DATA SECTION.
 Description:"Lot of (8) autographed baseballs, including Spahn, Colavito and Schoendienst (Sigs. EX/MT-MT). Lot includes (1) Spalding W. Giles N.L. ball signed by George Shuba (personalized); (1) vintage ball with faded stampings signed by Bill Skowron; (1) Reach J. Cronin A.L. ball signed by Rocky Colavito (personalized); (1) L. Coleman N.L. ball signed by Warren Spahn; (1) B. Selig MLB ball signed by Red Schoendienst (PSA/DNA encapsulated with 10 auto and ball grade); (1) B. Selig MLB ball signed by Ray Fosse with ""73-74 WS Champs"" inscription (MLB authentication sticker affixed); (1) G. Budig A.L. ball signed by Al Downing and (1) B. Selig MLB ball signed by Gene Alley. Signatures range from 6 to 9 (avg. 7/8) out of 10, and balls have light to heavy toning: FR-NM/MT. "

---

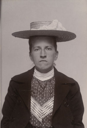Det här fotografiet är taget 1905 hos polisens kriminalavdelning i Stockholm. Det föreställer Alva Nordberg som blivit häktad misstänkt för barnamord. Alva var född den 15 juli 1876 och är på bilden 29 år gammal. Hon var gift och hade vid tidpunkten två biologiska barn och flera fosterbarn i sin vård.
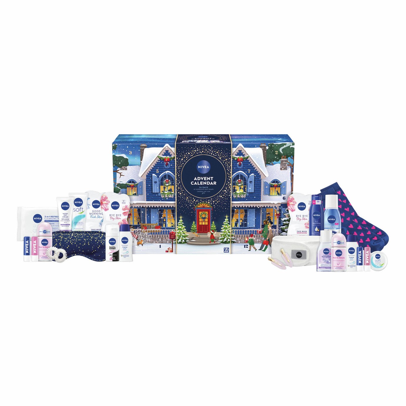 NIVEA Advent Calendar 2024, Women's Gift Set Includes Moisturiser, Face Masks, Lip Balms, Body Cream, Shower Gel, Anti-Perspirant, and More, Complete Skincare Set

WHAT THE TASK REQUIRES. Reproduce the data above exactly, but only from the line containing "Det här fotografiet" through the line containing "NIVEA Advent Calendar". Omit all pictures.

PROBLEM SOLUTION.
Det här fotografiet är taget 1905 hos polisens kriminalavdelning i Stockholm. Det föreställer Alva Nordberg som blivit häktad misstänkt för barnamord. Alva var född den 15 juli 1876 och är på bilden 29 år gammal. Hon var gift och hade vid tidpunkten två biologiska barn och flera fosterbarn i sin vård.
 NIVEA Advent Calendar 2024, Women's Gift Set Includes Moisturiser, Face Masks, Lip Balms, Body Cream, Shower Gel, Anti-Perspirant, and More, Complete Skincare Set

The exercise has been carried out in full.